Which island is the most popular to visit?
Use dplyr
to explore subgroups.
## WHAT ISLAND IS MOST POPULAR?
islands<-hiL%>%
filter(Indicator!="LOS Statewide")%>%
group_by(Indicator, year)%>%
summarise(avgDays=mean(days))
## `summarise()` has grouped output by 'Indicator'. You can override using the
## `.groups` argument.
## INSERT CODE HERE ##
## WHATS WRONG WITH THIS??
ggplot(islands, aes(x=year, y=avgDays, color=Indicator))+
geom_line()
## Warning: Removed 120 row(s) containing missing values (geom_path).
Oh no! What happened?!
We forgot about NAs!
## WHAT ISLAND IS MOST POPULAR?
## TAKE 2
## INSERT CODE HERE ##
islands<-hiL%>%
filter(Indicator!="LOS Statewide")%>%
group_by(Indicator, year)%>%
summarise(avgDays=mean(days, na.rm=TRUE))

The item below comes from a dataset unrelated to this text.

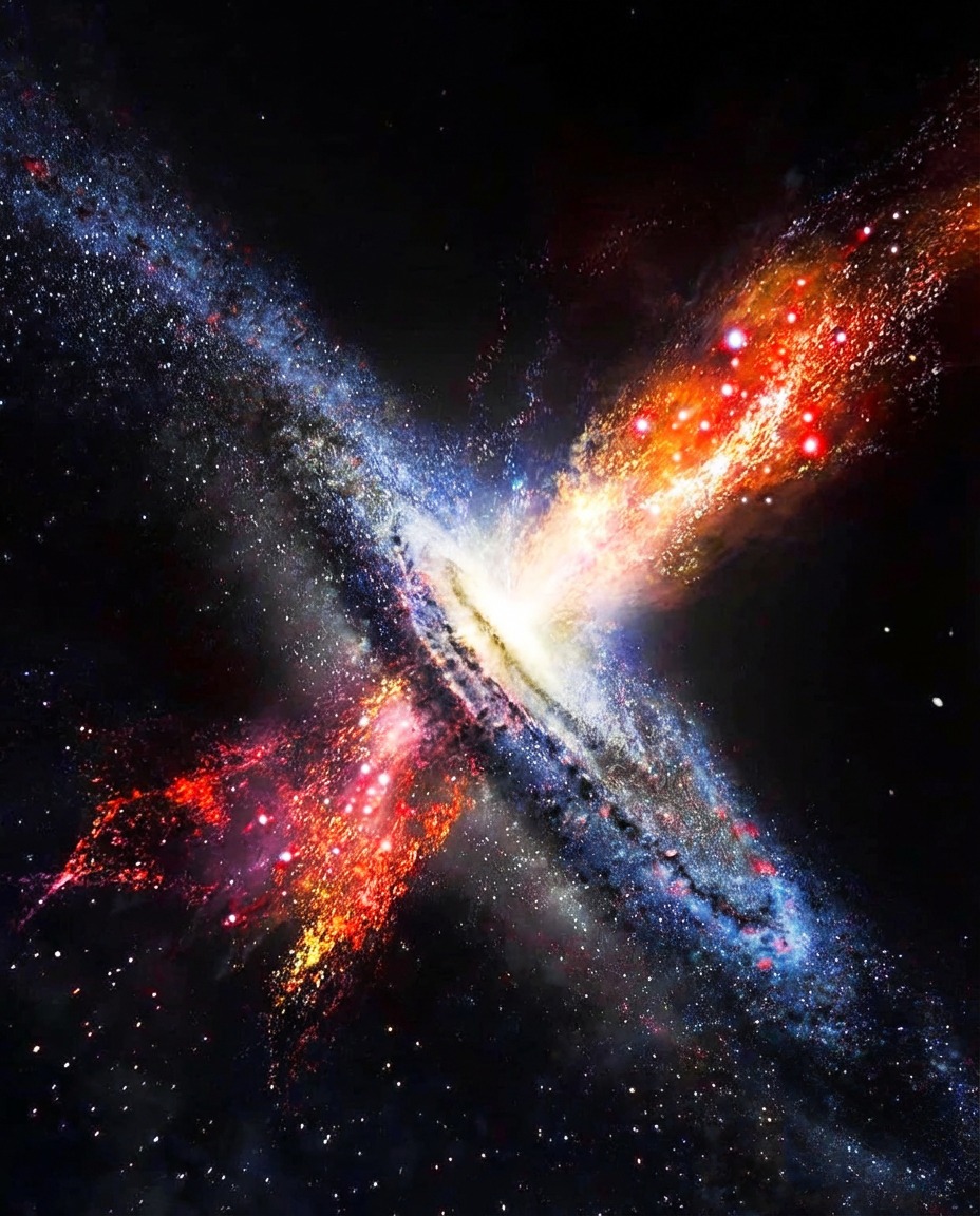 At its heart rages a supermassive black hole 1.6 billion times the mass of our Sun — a devouring giant born impossibly early, already fully formed and hungry.
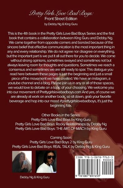 Pretty Girls Love Bad Boys: FRONT STREET EDITION This is the 4th book in the Pretty Girls Love Bad Boys Series and the first book that contains a collaboration between King Guru and Debby Ng. We came together from opposite corners and bonded because of the sincere belief that effective communication is the most important thing in any and every relationship. We do not agree nor disagree on everything, but the important part is we put it all out there for you to decide. We come without strong opinions, sometimes swayed and sometimes not but always leaving room for thoughts and questions. Sometimes we reach a consensus and sometimes we are still ready to spar. This dialogue you read here between these pages is just the beginning and just a small piece of the movement we have created. We have an instagram, a youtube channel and a blog. Please join us in any or all of those spaces, we would love to debate on a topic of your choosing. We welcome you into our movement of Prettygirlslovebadboys.com And yes, of course we are already at work on another book, so sit down, grab your favorite beverage and hop into our mood #prettygirlslovebadboys, it's just the beginning folx. King Guru's Thoughts: This PRETTY GIRLS LOVE BAD BOYS movement doesn't just start and end at the prison gates, either. I met Debby Ng when she tapped into my jpay.com email account. She had written a book called Rocky Relationships where the premise is based on convicts running Game on women. Somehow she had got her hands on my PRETTY GIRLS... book and she felt some type of way. See, my book is about teaching men how to spit fire to sexy women. She won't admit it, but I know she wasn't feeling it by the way she stepped to me. Debby's Thoughts: PRETTY GIRLS LOVE BAD BOYS is a movement and a mood created by King Guru, which I knew when I saw it! I felt the energy from this man's voice as I read the book. Even though I thought holy moly - this guy is teaching these men how to manipulate these beautiful women who I try to protect - he's a genius! There are definitely some great men on writeaprisoner I am sure and maybe there's some who are genuinely lonely and have a lot of love to give but there are also a whole group of men who.. If you give a mouse a cookie!! So Pretty Girls and Bad Boys that is why we are here! We are here to take this all to Front Street and clear up any and all misconceptions and help everyone get their self-confidence where it needs to be in order to have healthy relationships. We are going to shake this up and get down and dirty with you on any and every subject! Nothings off the table and we will stay 100 always!

## `summarise()` has grouped output by 'Indicator'. You can override using the
## `.groups` argument.
## INSERT CODE HERE ##
ggplot(islands, aes(x=year, y=avgDays, color=Indicator))+
geom_line()
Are there other interesting trends? Try looking at the reasons for
traveling to Hawaii. These are specified in the Group
variable.
## ARE THERE TRENDS BY TYPE?
## INSERT CODE HERE ##
## INSERT CODE HERE ##
There are three types of joins that we will look at:
Inner Join: Looks for only elements that exist in both dataframes
Left Join (or Right Join): Matches elements from the left dataframe to the right
Tibbles are like data frames that can be more easily manipulated in the tidyverse. In this example we create a tibble for comic book characters.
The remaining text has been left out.